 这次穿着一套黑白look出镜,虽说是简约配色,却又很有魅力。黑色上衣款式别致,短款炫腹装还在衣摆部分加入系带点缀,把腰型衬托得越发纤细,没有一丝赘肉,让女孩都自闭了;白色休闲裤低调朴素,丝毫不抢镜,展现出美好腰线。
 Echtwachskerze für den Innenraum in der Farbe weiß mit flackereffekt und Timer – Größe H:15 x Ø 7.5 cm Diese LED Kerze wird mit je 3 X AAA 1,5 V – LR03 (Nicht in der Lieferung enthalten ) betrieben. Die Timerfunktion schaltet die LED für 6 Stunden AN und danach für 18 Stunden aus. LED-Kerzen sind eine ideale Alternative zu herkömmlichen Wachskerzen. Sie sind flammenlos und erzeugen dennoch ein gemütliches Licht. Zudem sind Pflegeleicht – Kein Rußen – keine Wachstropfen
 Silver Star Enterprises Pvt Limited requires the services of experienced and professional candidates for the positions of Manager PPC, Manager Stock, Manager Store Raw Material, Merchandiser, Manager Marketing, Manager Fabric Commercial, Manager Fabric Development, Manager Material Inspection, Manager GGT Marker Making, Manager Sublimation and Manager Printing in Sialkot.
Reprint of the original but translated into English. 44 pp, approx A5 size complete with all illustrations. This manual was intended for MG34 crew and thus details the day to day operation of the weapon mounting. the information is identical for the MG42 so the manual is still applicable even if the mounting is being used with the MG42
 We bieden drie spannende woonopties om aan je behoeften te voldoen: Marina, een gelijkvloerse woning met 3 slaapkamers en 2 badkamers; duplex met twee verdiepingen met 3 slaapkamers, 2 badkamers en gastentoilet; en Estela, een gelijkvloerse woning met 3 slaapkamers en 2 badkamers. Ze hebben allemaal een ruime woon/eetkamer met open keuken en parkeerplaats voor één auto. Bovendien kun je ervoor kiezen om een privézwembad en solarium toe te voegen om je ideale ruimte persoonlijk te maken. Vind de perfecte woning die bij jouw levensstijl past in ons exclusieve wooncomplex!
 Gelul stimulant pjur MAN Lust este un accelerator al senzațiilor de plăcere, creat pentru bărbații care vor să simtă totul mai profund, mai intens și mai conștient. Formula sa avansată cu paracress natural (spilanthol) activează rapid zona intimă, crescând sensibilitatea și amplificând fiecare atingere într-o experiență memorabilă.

* * *

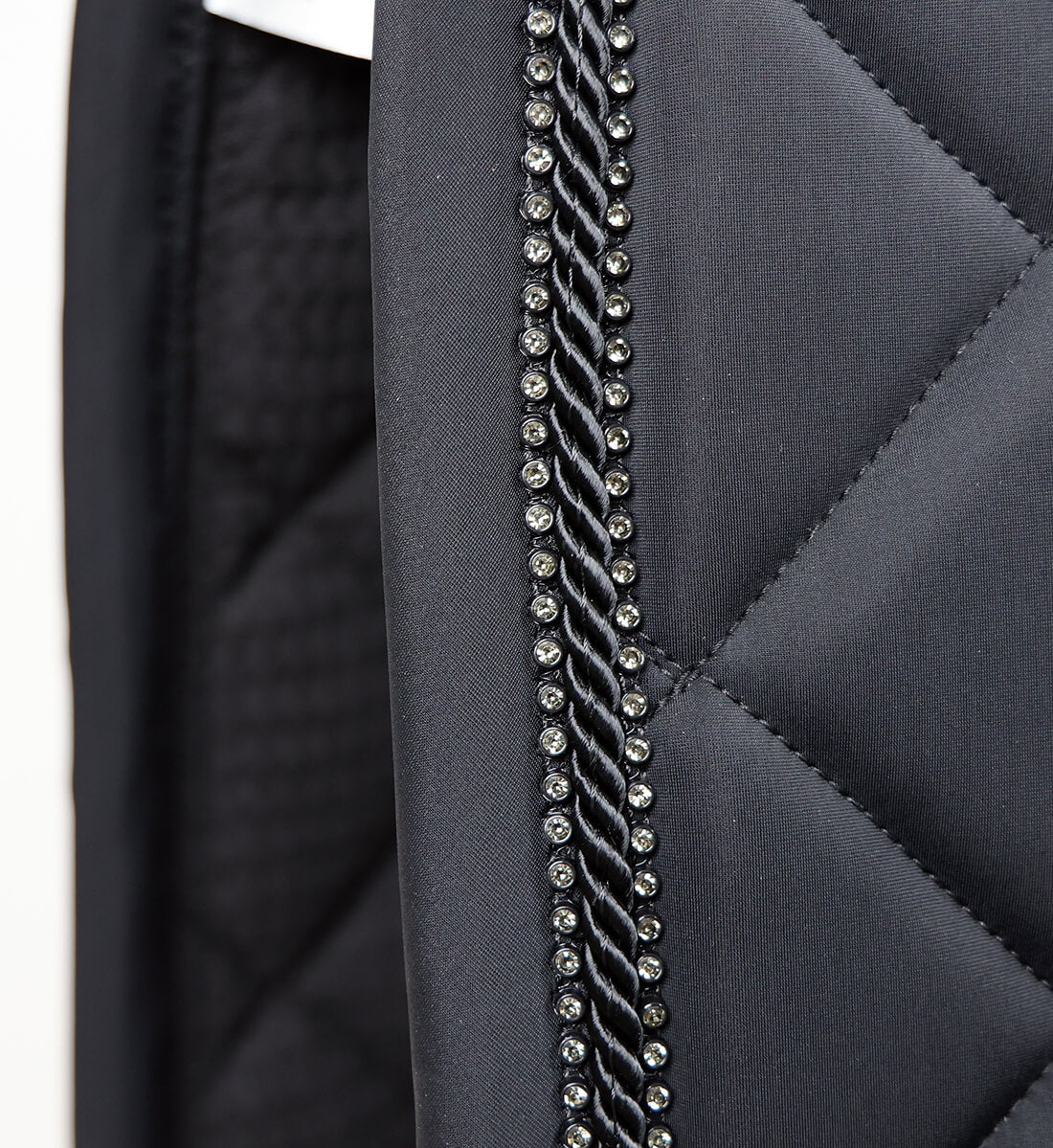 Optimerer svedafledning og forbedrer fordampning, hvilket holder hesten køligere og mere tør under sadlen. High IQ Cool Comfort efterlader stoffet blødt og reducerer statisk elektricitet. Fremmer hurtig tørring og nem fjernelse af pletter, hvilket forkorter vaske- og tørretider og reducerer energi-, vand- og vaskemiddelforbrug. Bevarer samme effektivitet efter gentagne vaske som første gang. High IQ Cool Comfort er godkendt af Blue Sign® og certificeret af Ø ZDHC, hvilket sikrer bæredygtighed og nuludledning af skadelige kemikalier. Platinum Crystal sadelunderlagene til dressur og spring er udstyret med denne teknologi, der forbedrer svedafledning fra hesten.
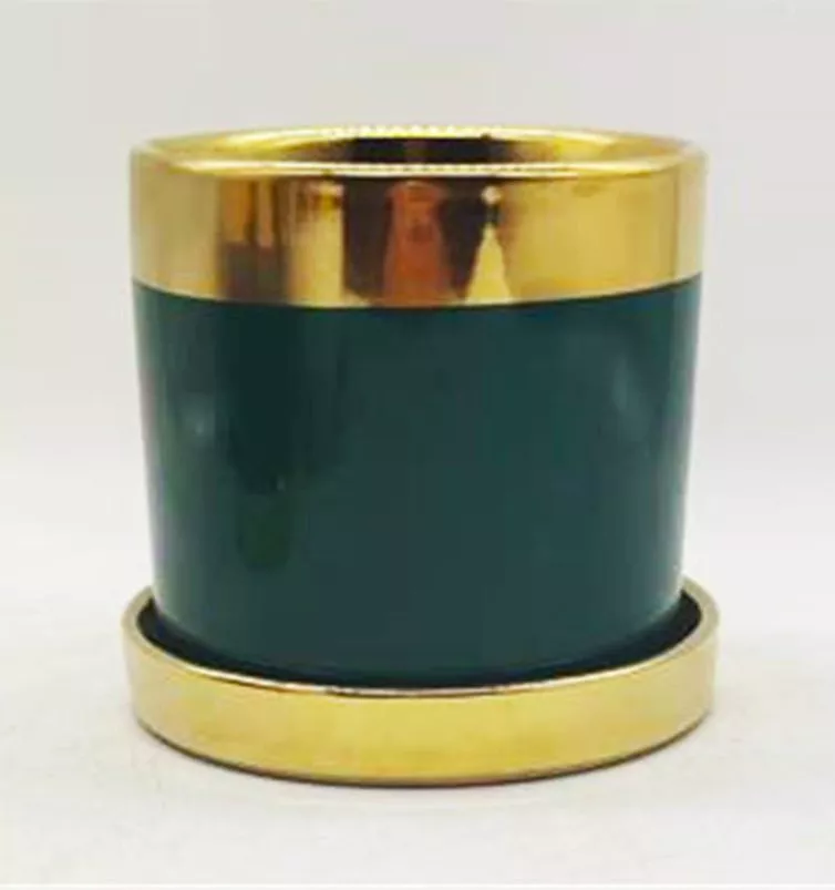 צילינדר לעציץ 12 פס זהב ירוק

Your assignment.
Copy here each line of the preceding records with "ideale" in it.

The completed task.
 Echtwachskerze für den Innenraum in der Farbe weiß mit flackereffekt und Timer – Größe H:15 x Ø 7.5 cm Diese LED Kerze wird mit je 3 X AAA 1,5 V – LR03 (Nicht in der Lieferung enthalten ) betrieben. Die Timerfunktion schaltet die LED für 6 Stunden AN und danach für 18 Stunden aus. LED-Kerzen sind eine ideale Alternative zu herkömmlichen Wachskerzen. Sie sind flammenlos und erzeugen dennoch ein gemütliches Licht. Zudem sind Pflegeleicht – Kein Rußen – keine Wachstropfen
 We bieden drie spannende woonopties om aan je behoeften te voldoen: Marina, een gelijkvloerse woning met 3 slaapkamers en 2 badkamers; duplex met twee verdiepingen met 3 slaapkamers, 2 badkamers en gastentoilet; en Estela, een gelijkvloerse woning met 3 slaapkamers en 2 badkamers. Ze hebben allemaal een ruime woon/eetkamer met open keuken en parkeerplaats voor één auto. Bovendien kun je ervoor kiezen om een privézwembad en solarium toe te voegen om je ideale ruimte persoonlijk te maken. Vind de perfecte woning die bij jouw levensstijl past in ons exclusieve wooncomplex!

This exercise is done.